The simplest approach seemed to be creating a separate v3 flow, so that's where I began. I duplicated much of the existing v2 flow and eliminated all instances of abstract function type parameters. This required modifying the return types of several functions, since their original return types were dependent on these type parameters. I needed to have these new functions return either a "Full" or a "Blinded" payload. I introduced some useful enums to make this possible.
In the example above, the return type of get_exectution_payload is
Result<PreparePayloadHandle<T::EthSpec, Payload>, BlockProductionError>
// type definitions
pub type PreparePayloadHandle<E, Payload> = JoinHandle<Option<PreparePayloadResult<E, Payload>>>;
pub type PreparePayloadResult<E, Payload> = Result<BlockProposalContents<E, Payload>, BlockProductionError>;
In order to support the v3 flow I made the following changes
Result<PreparePayloadHandle<T::EthSpec>, BlockProductionError>
// updated type definitions
pub type PreparePayloadResult<E> = Result<BlockProposalContentsType<E>, BlockProductionError>;
pub type PreparePayloadHandle<E> = JoinHandle<Option<PreparePayloadResult<E>>>;
pub enum BlockProposalContentsType<E: EthSpec> {
Full(BlockProposalContents<E, FullPayload<E>>),
Blinded(BlockProposalContents<E, BlindedPayload<E>>),
}
I eventually got the new v3 flow to work, but now we had two separate block production flows with a ton of duplicated code. In order to clean up this mess, I consolidated the v2 and v3 flows. I created a new enum that is fed into the block production flow to indicate wether this is the new v3 flow or the existing blinded/full v2 flow
pub enum BlockProductionVersion {
V3,
BlindedV2,
FullV2,
}
I'm now finally at a point where both the new and old flows are consolidated and passing all tests. I opened a pull request and am awaiting feedback from the Lighthouse team.

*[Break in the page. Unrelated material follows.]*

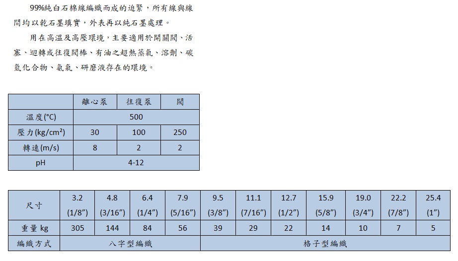 非石棉編織墊片

rust-libp2p tracing updates
Theres still a lot of work to be done here. I got a ton of feedback from the libp2p team. I'm going to dedicate the next few weeks to really cleaning things up here.

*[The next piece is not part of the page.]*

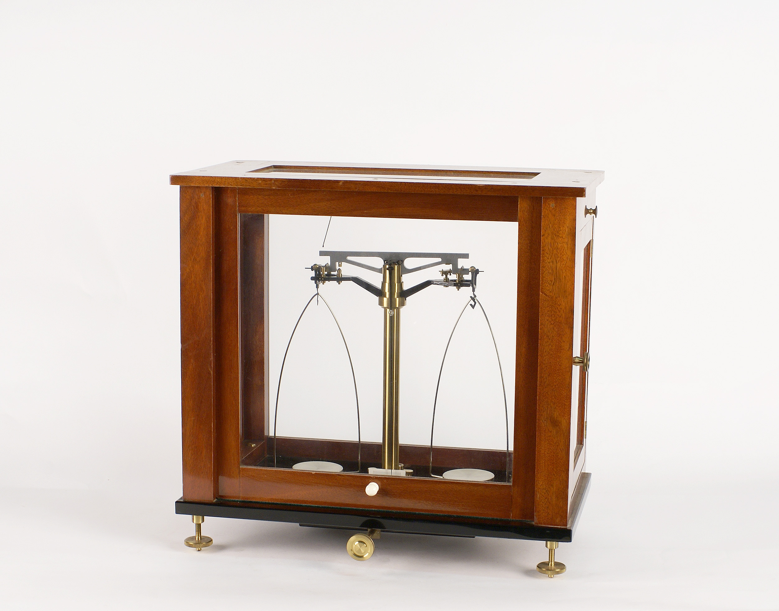 BILANCIA DI PRECISIONE "BECKER'S SONS" Olanda vecchia manifattura in mogano e legno ebanizzato con vetri 41x43x23 cm.

Modularizing the beacon node backend
I've sucesfully modularized the beacon node backend. It should now be relatively simple to switch between different database implementations.
PR: https://github.com/sigp/lighthouse/pull/4718
Theres an existing KeyValueStore trait that already does some abstraction, however the Lighthouse codebases assumes the KV store is always LevelDB.
I created a BeaconNodeBackend type that implements the KeyValueStore and ItemStore traits. I then replaced all references of LevelDb to the new BeaconNodeBackend type. Within the BeaconNodeBackend type I used the cfg macro which should allow us to switch between different database implementations via config changes.
Benchmarking Slasher backend implementations
We're going to start benchmarking the slasher backend implementations to see if they are competitive.
From Michael Sproul
Now that we have a couple of new backends in the works, namely Redb and Sqlite, it would be great to see a performance shoot-out. For the slasher the key metric is the time taken to process each batch, which is recorded in Prometheus as slasher_process_batch_time. We have a Grafana dashboard for this here: https://github.com/sigp/lighthouse-metrics/blob/master/dashboards/Slasher.json
A good test would be to start-up a slasher on the same machine with each of the backends – LMDB, Redb, Sqlite – and compare the performance. To prevent them competing for CPU and I/O it's probably best to run the slashers one at a time (not concurrently). Running each one for a few hours should be enough to get a feel for its performance. If one or both of the new backends are competitive in this test we can then look into running a longer test (2 weeks+) in which we can measure the total disk usage and the long-term performance.
I have a shared execution node on mainnet (running eleel) which I could grant access to for this experiment. If this is something you're interested in doing @eserilev, DM me your SSH pubkey on Discord.
I'm really excited to see what results we get from these benchmarks!!